*AIM OF THE EXERCISE:* Copy the records below in full and leave every image out of the copy.

*SUPPLIED RECORDS:*
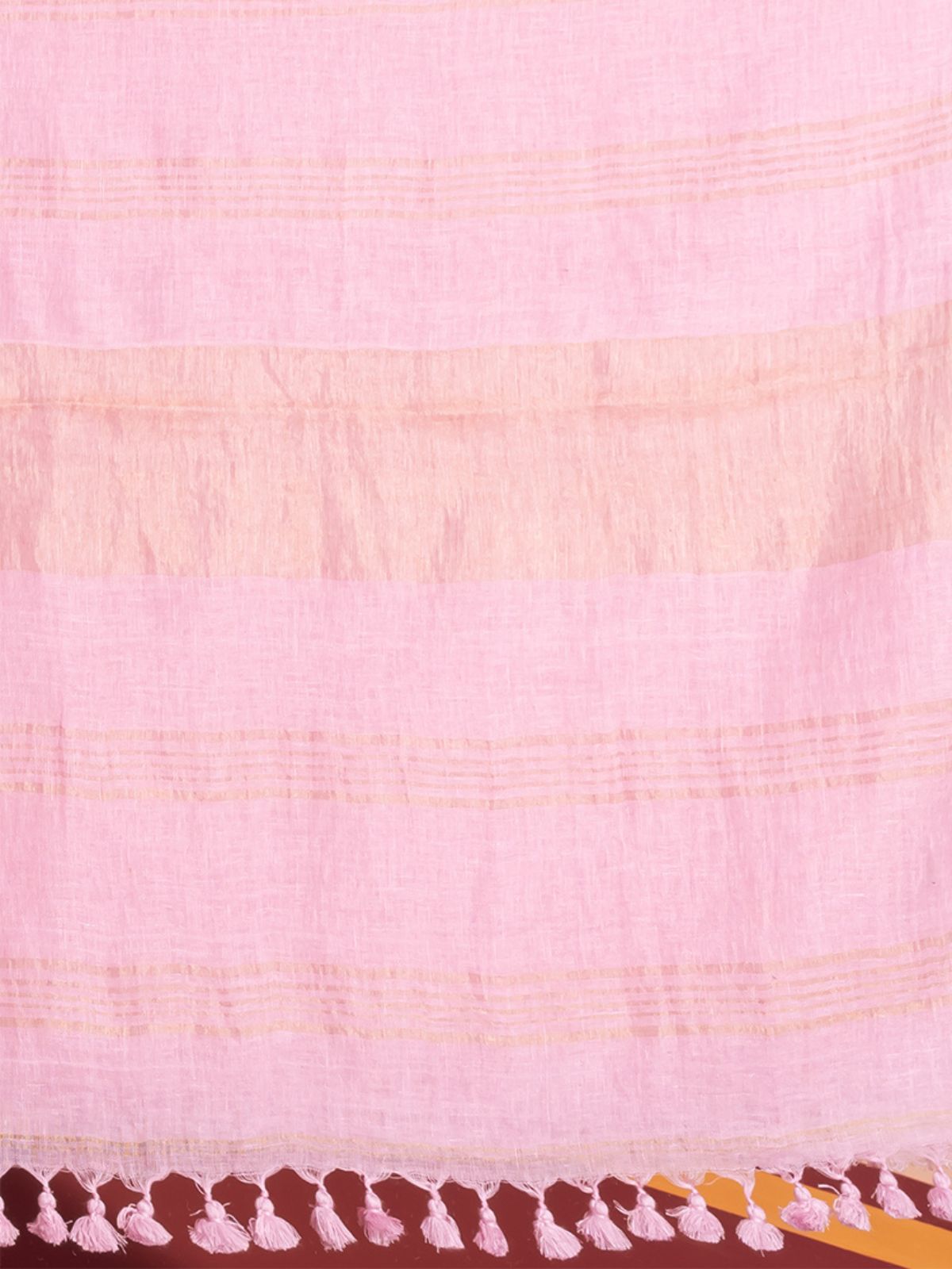Linen Bloom Pure Linen Solid Saree With Zari Border | Pink
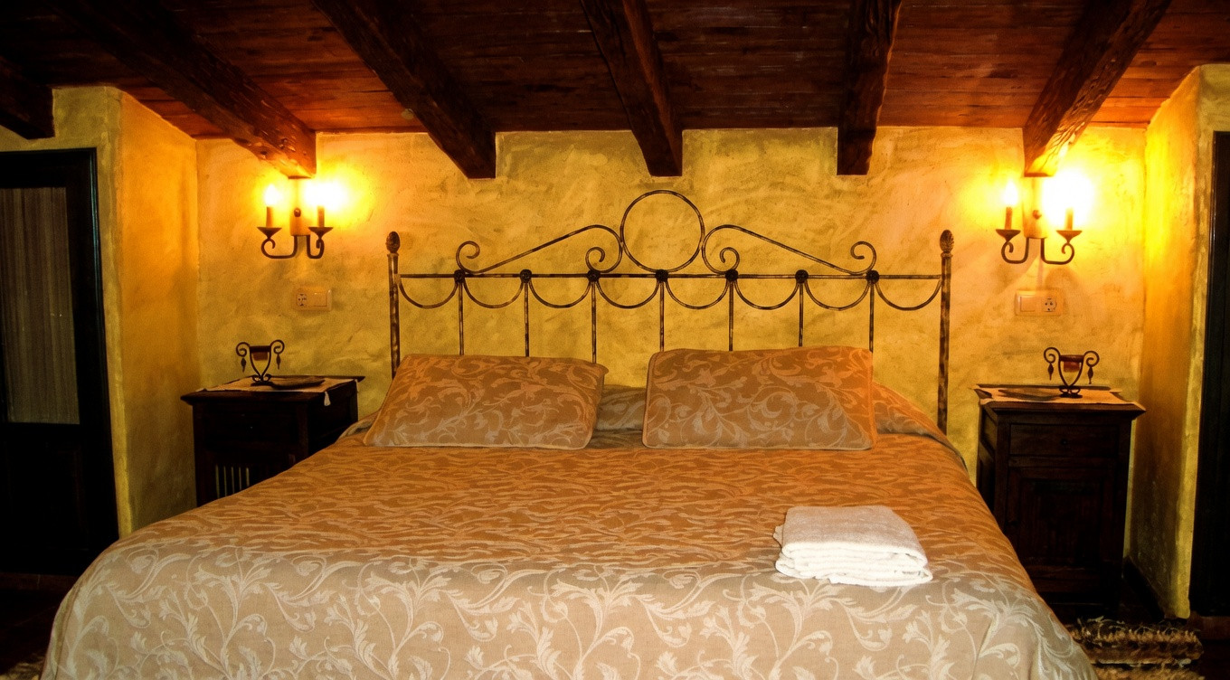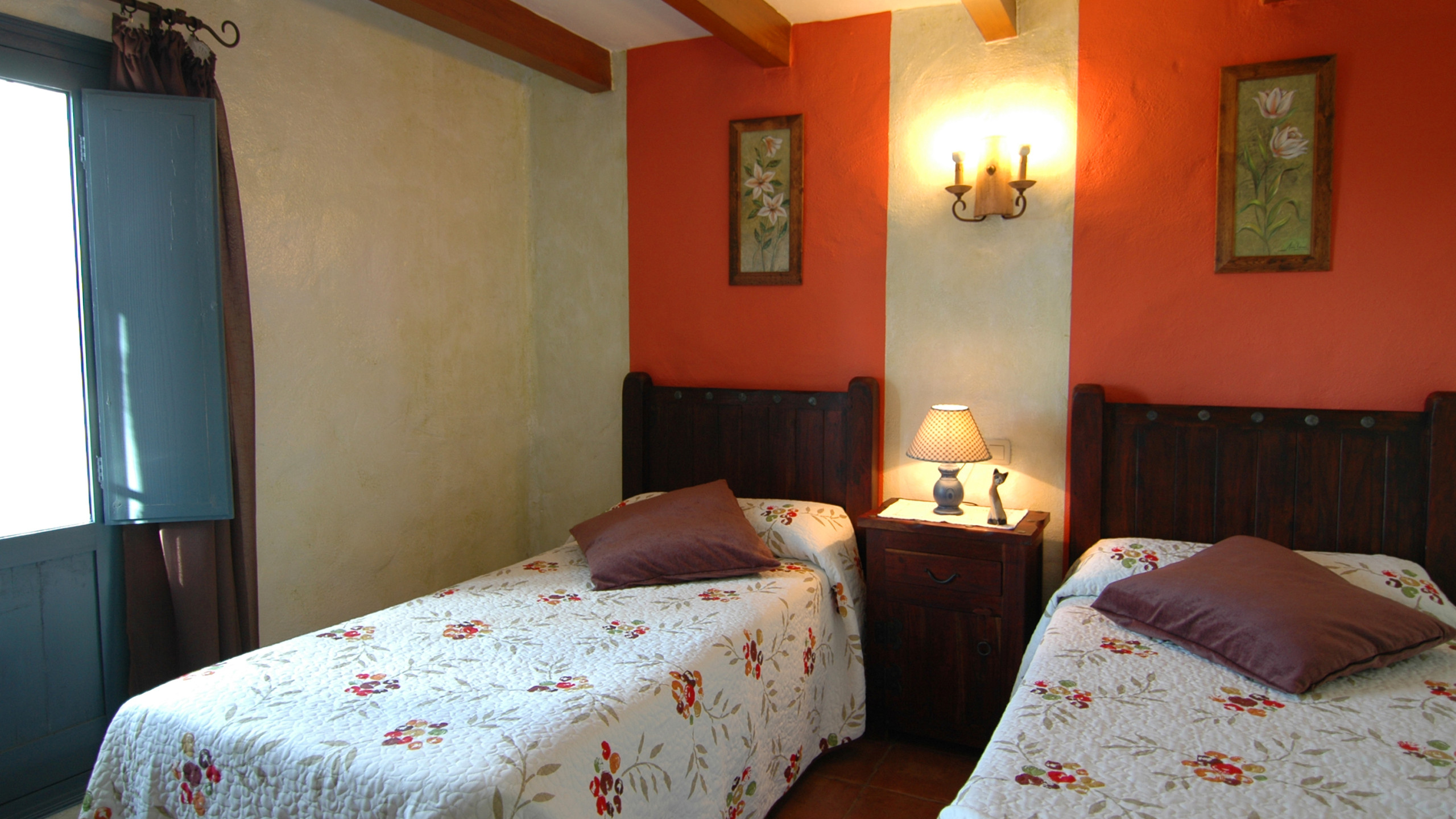 El interior está decorado con gusto en un estilo rústico tradicional, con techos con vigas de madera y muebles cuidadosamente seleccionados que crean un ambiente acogedor y elegante.
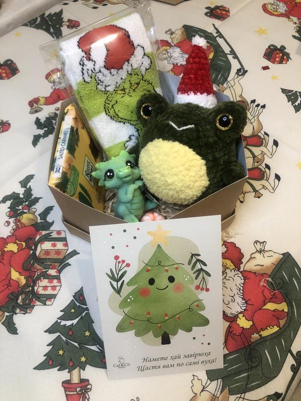 Подарочные боксы к Рождественству и Новому Году 700 грн каждый В боктиках с лягушками: Вязаная игрушка Шоколадка Мило дракон Мило мандарин Открытка Носки с Гринчем В боксике с восьмином: Игрушка вязаная Аромасаше воскове Шоколадка Мило дракончик Мило мандарин Желейные червячки Праздничные носки
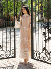 The soft beige chiffon drapes with a sensuous fluidity, creating a canvas of understated luxury. Delicate floral embroidery in muted pastels dances across the fabric, like a secret garden blooming under a soft summer sun. The intricate lace detailing adds a touch of ethereal grace, while the flowing silhouette accentuates the wearer's natural beauty.
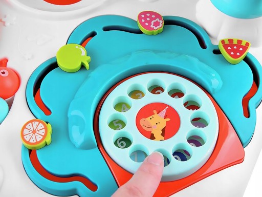 Столик, який навчає і розважає, забезпечуючи інтерес малюка надовго. Кулькова гірка, музичний тукан або елементи, що обертаються, перенесуть вашу дитину в країну веселощів, повну фарб і мелодій, стимулюючи її уяву.
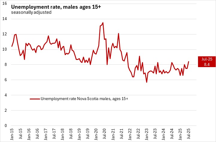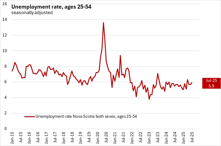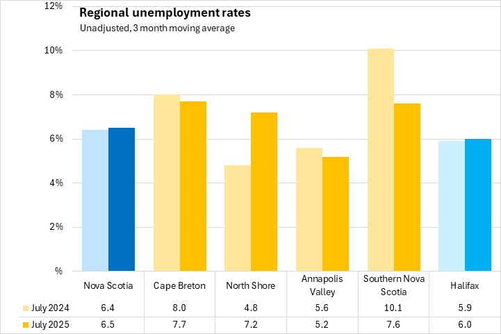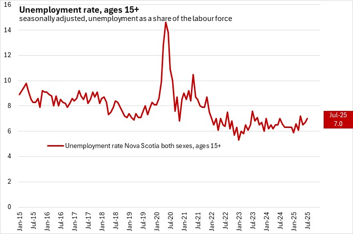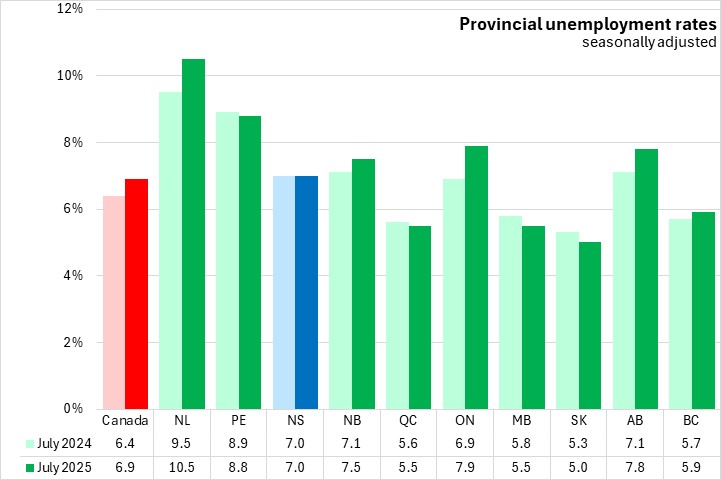 With employment rising more slowly than labour force, Nova Scotia's unemployment rate increased 0.3 percentage points to 7.0% in July 2025.
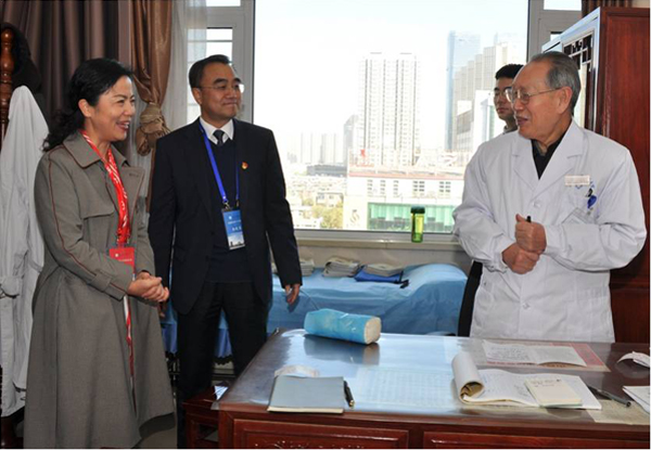 专家组一行先后参观了中医药文化主题公园“悦心园”、全科医师规范化培训基地及门诊大厅。在八层名医堂拜访了国医大师王世民、全国名中医贾六金、全国教学名师李晶、门氏杂病流派传承人门九章。所到之处,刘志宏教授都亲切问候了这些老专家、老教授,并语重心长地告诉在场学习的学生们要珍惜机会,好好向中医前辈们学习。随后参观了医院针灸、推拿科。
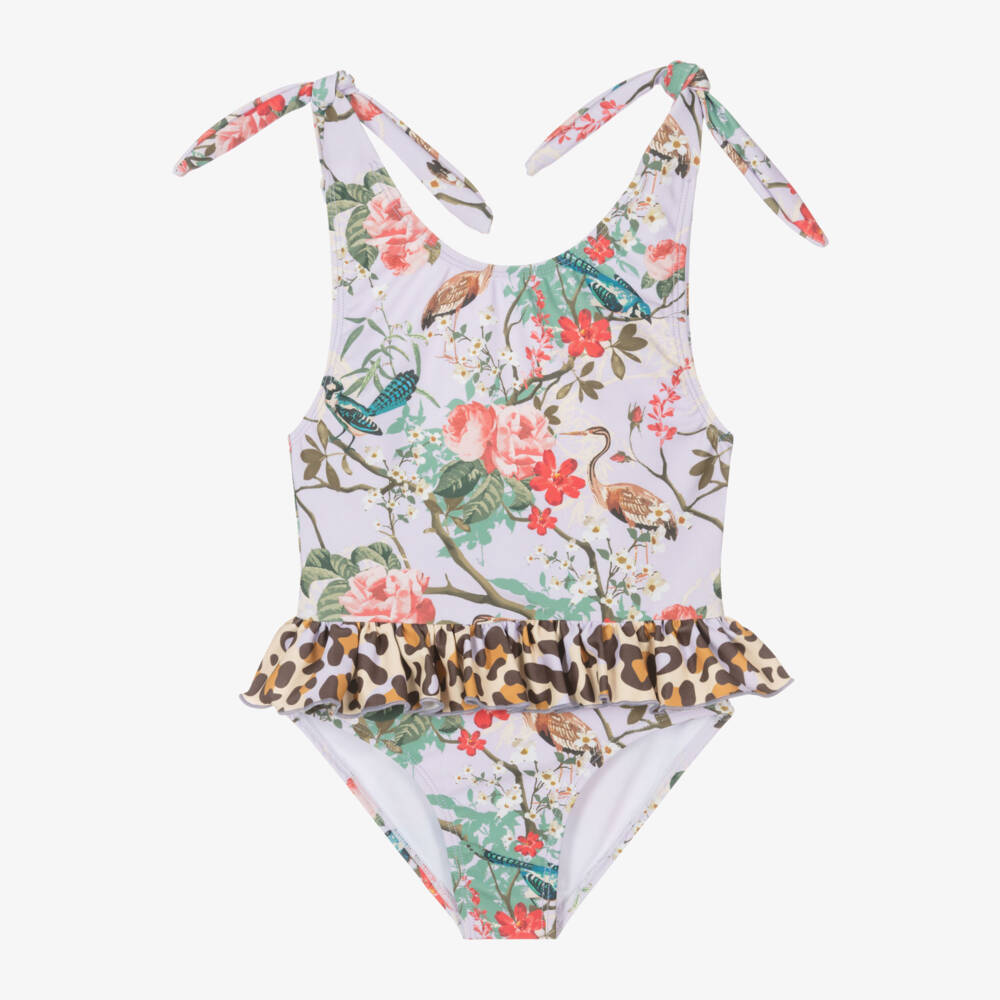 A charming lilac purple swimsuit for girls by resortwear brand Olga Valentine, in a silky smooth recycled fabric with UPF50+. It is patterned in a vibrant wild garden design with contrasting leopard print ruffles for an eye-catching poolside look. Fully lined, it has a scooped neck and an open back with ties that fasten into pretty bows.
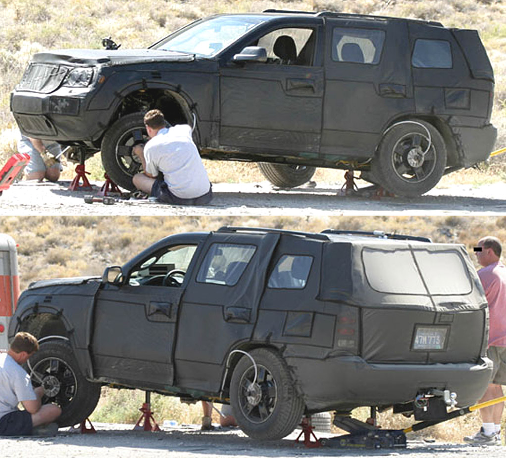 Spy photo of the upcoming redesigned 2005 Grand Cherokee "WK". Production starts next July with a launch date of September/October 2004. The all-new Jeep features Independent Front Suspension (IFS) and a Solid rear axle (SRA). A new 3.7 liter V6 engine will replace the I-6 and a powerful Hemi engine will be optional on some models.
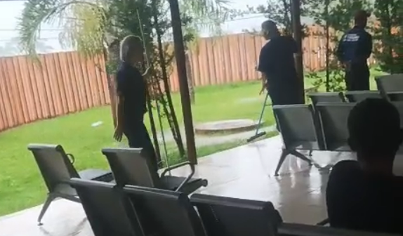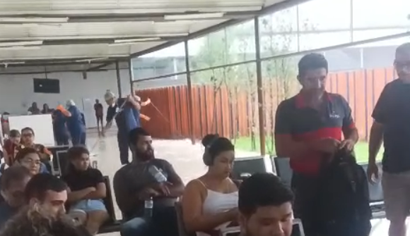 Nos registros, é possível ver que funcionários tentam amenizar a situação utilizando rodos para escoar a água acumulada no espaço. Mesmo com o esforço, a intensidade da chuva, acompanhada de ventos, tem dificultado o trabalho e molhado toda a área.
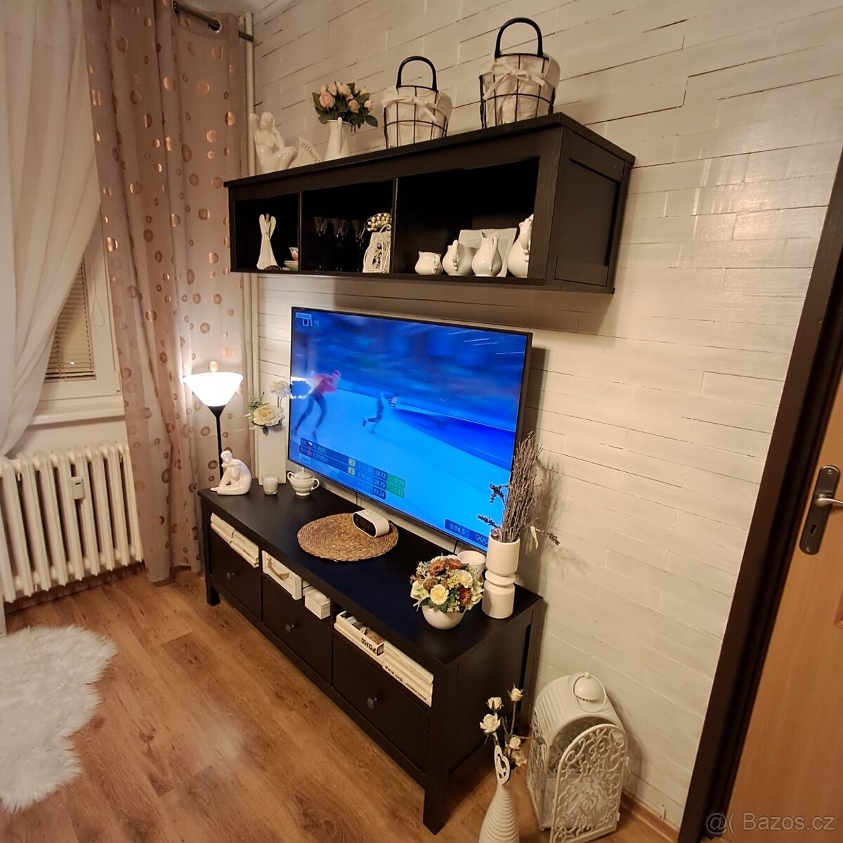 Nábytek Hemnes, černohnědý, Ikea. Zachovalý, známky běžného užívání. Tv stolek.150x55cm. Nástěnná police 150cmx32cm. Komoda110x100cm. Knihovna 45x180cm. Konfenrenční stolek s 2/3 sklem na horní desce, 110x69cm, s policí a 2 velkými košíky. Osobni odber Moravska Trebova…cena 8000 kč

*OUTPUT FOR THIS TASK:*
Linen Bloom Pure Linen Solid Saree With Zari Border | Pink
 El interior está decorado con gusto en un estilo rústico tradicional, con techos con vigas de madera y muebles cuidadosamente seleccionados que crean un ambiente acogedor y elegante.
 Подарочные боксы к Рождественству и Новому Году 700 грн каждый В боктиках с лягушками: Вязаная игрушка Шоколадка Мило дракон Мило мандарин Открытка Носки с Гринчем В боксике с восьмином: Игрушка вязаная Аромасаше воскове Шоколадка Мило дракончик Мило мандарин Желейные червячки Праздничные носки
 The soft beige chiffon drapes with a sensuous fluidity, creating a canvas of understated luxury. Delicate floral embroidery in muted pastels dances across the fabric, like a secret garden blooming under a soft summer sun. The intricate lace detailing adds a touch of ethereal grace, while the flowing silhouette accentuates the wearer's natural beauty.
 Столик, який навчає і розважає, забезпечуючи інтерес малюка надовго. Кулькова гірка, музичний тукан або елементи, що обертаються, перенесуть вашу дитину в країну веселощів, повну фарб і мелодій, стимулюючи її уяву.
 With employment rising more slowly than labour force, Nova Scotia's unemployment rate increased 0.3 percentage points to 7.0% in July 2025.
 专家组一行先后参观了中医药文化主题公园“悦心园”、全科医师规范化培训基地及门诊大厅。在八层名医堂拜访了国医大师王世民、全国名中医贾六金、全国教学名师李晶、门氏杂病流派传承人门九章。所到之处,刘志宏教授都亲切问候了这些老专家、老教授,并语重心长地告诉在场学习的学生们要珍惜机会,好好向中医前辈们学习。随后参观了医院针灸、推拿科。
 A charming lilac purple swimsuit for girls by resortwear brand Olga Valentine, in a silky smooth recycled fabric with UPF50+. It is patterned in a vibrant wild garden design with contrasting leopard print ruffles for an eye-catching poolside look. Fully lined, it has a scooped neck and an open back with ties that fasten into pretty bows.
 Spy photo of the upcoming redesigned 2005 Grand Cherokee "WK". Production starts next July with a launch date of September/October 2004. The all-new Jeep features Independent Front Suspension (IFS) and a Solid rear axle (SRA). A new 3.7 liter V6 engine will replace the I-6 and a powerful Hemi engine will be optional on some models.
 Nos registros, é possível ver que funcionários tentam amenizar a situação utilizando rodos para escoar a água acumulada no espaço. Mesmo com o esforço, a intensidade da chuva, acompanhada de ventos, tem dificultado o trabalho e molhado toda a área.
 Nábytek Hemnes, černohnědý, Ikea. Zachovalý, známky běžného užívání. Tv stolek.150x55cm. Nástěnná police 150cmx32cm. Komoda110x100cm. Knihovna 45x180cm. Konfenrenční stolek s 2/3 sklem na horní desce, 110x69cm, s policí a 2 velkými košíky. Osobni odber Moravska Trebova…cena 8000 kč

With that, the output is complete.